Jakarta, 14/9 (Benhil) - Indonesia adalah negeri agraris dan banyak penduduknya yang bekerja sebagai petani, tetapi mereka tergolong miskin di negeri yang dikenal dengan sebutan "gemah ripah loh jinawi" ini.
Sesuai data Badan Pusat Statistik (BPS) pada Maret 2017 jumlah penduduk miskinnya, yakni penduduk dengan pengeluaran per kapita per bulan di bawah garis kemiskinan mencapai 27,77 juta orang atau 10,64 persen dari total penduduk sekitar 261 juta jiwa.

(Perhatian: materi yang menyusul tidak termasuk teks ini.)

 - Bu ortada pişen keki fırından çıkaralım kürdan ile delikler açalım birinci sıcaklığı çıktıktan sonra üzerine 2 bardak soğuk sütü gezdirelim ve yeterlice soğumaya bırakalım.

Dari jumlah penduduk miskin itu, sebanyak 17,10 juta jiwa tinggal di perdesaan dan 10,67 juta jiwa menetap di perkotaan. Ironisnya, peranan komoditas makanan terhadap garis kemiskinan jauh lebih besar dibandingkan peranan nonmakanan seperti biaya perumahan, listrik, bensin, pendidikan, angkutan, kesehatan, dan sebagainya.

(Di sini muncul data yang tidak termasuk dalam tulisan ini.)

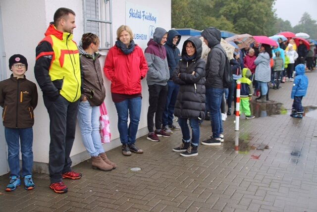 „Alle auf einmal, das geht nicht“, sagt Zydek. Zu den Glücklichen, die gleich rein dürfen gehört die Familie Müller aus Gießen. „Wir kommen gerne hier her. Bei uns gibt es so was nicht“, meint Mutter Esther, während Sohn Luc (11) nach Snowboards schaut. Sein zwei Jahre jüngerer Bruder Tom hat schon ein paar Skistöcke in der Hand. Vater Torsten hält nach Skiern für den Nachwuchs Ausschau.
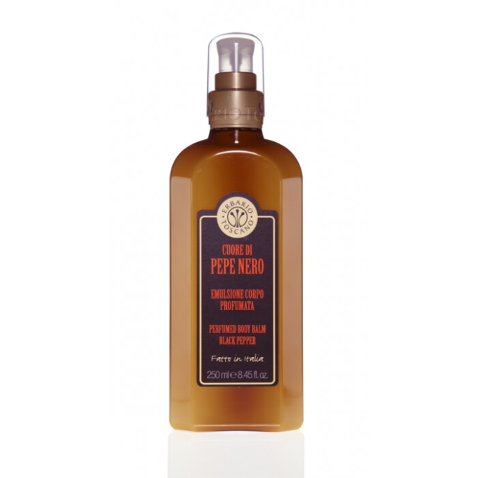 Parfémovaný tělový balzám (250 ml) od italské značky Erbario Toscano s vůní černého pepře, citrusů, jantaru, pikantních a dřevitých tónů pokožku po koupeli vyživí a příjemně provoní. Balzám obsahuje arganový olej, který je bohatý na nenasycené mastné kyseliny, vitamín E a zajišťuje hydrataci a pružnost pokožky. Bambucké máslo je bohaté na antioxydanty a vitamíny, má uklidňující účinky. Vyrobeno v Itálii.
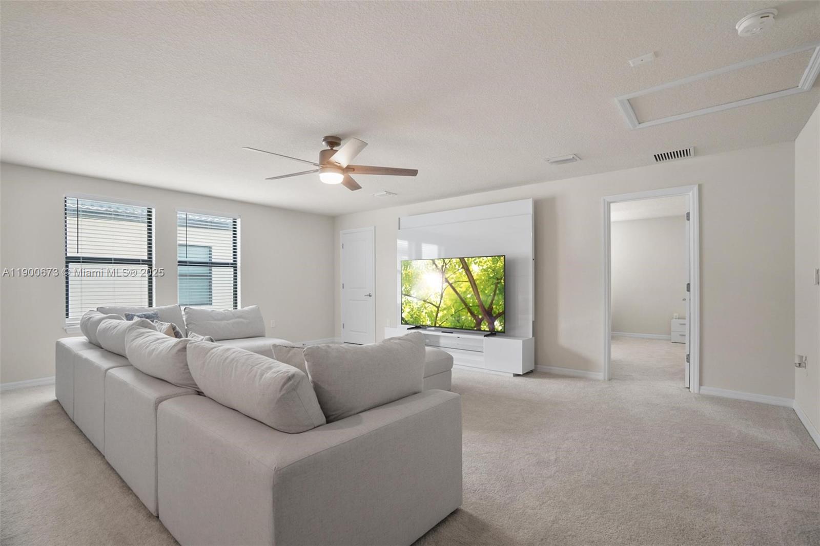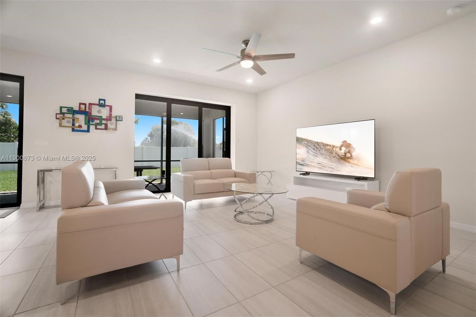 FABULOUS LIKE NEW 2-STORY HOME BUILT IN 2022. BE THE FIRST TO LIVE IN THIS STUNNING 5-BEDROOM, 3 BATHROOMS HOME FEATURING MODERN FINISHES AND A SPACIOUS LAYOUT. UPSTAIRS COMES WITH 3 BEDROOMS, 1 FULL BATHROOM AND AN ADDITIONAL LIVING ROOM. DOWNSTAIRS COMES WITH A BRIGHT KITCHEN WITH STAINLESS STEEL APPLICANCES, FORMAL DININING ROOM & SPACIOUS LIVING ROOM, 2 BEDROOMS WHICH INCLUDES THE PRIMARY SUITE, 2 FULL BATHROOMS AND A LARGE 2 CAR GARAGE. HOME INCLUDES 8 CEILING FANS. ENJOY A LARGE PATIO WITH GOLF COURSE VIEW, A SCREENED-IN PORCH WITH PAVERS. THIS HOME HAS IT ALL!

Kepala BPS Suhariyanto saat menyampaikan data BPS itu pada 17 Juli lalu menyebutkan bahwa kontribusi beras ke kemiskinan sebesar 26 persen. Kemiskinan ini paling banyak di perdesaan dan lebih dari 50 persen mereka bekerja sebagai petani.

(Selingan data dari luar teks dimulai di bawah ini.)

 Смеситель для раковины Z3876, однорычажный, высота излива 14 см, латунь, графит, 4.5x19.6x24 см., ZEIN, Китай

Lihat pula sensus pertanian yang berlangsung secara periodik tiap 10 tahun sekali. Sensus pertanian terakhir tahun 2013. Sensus terakhir itu menunjukkan penurunan pada sektor rumah tangga dibandingkan sensus pertanian tahun 2003.
Jumlah rumah tangga pertanian pengguna lahan dapat digolongkan ke dalam dua kelompok besar, yaitu rumah tangga petani gurem (rumah tangga usaha pertanian pengguna lahan yang menguasai lahan kurang dari 0,50 hektare) dan rumah tangga bukan petani gurem (menguasai lahan 0,50 hektare atau lebih). Hasil sensus menunjukkan jumlah rumah tangga pengguna lahan di Indonesia pada tahun 2013 sebanyak 25.751.267 rumah tangga, dengan jumlah rumah tangga petani gurem sebanyak 14.248.864 rumah tangga.
Pada tahun 2003, terdapat 31,2 juta rumah tangga petani yang menggarap lahan untuk pertanian, sedangkan pada tahun 2013 terdapat 26,1 juta rumah tangga saja. Artinya jumlah rumah tangga petani mengalami penurunan sebanyak 5,1 juta atau sebesar 16,3 persen. Dalam kurun waktu 10 tahun tersebut sudah terjadi penurunan yang sangat besar. Saat ini tamapaknya kian terjadi penurunan jumlah petani.
Jumlah rumah tangga usaha tanaman padi di Indonesia sebanyak 14.147.942 rumah tangga atau mengalami penurunan sebanyak 58.413 rumah tangga dibandingkan tahun 2003. Sedangkan perusahaan pertanian berbadan hukum di Indonesia yang melakukan pengelolaan tanaman padi ada sebanyak 106 perusahaan, mengalami kenaikan sebanyak 37 perusahaan (53,62 persen) dibandingkan tahun 2003.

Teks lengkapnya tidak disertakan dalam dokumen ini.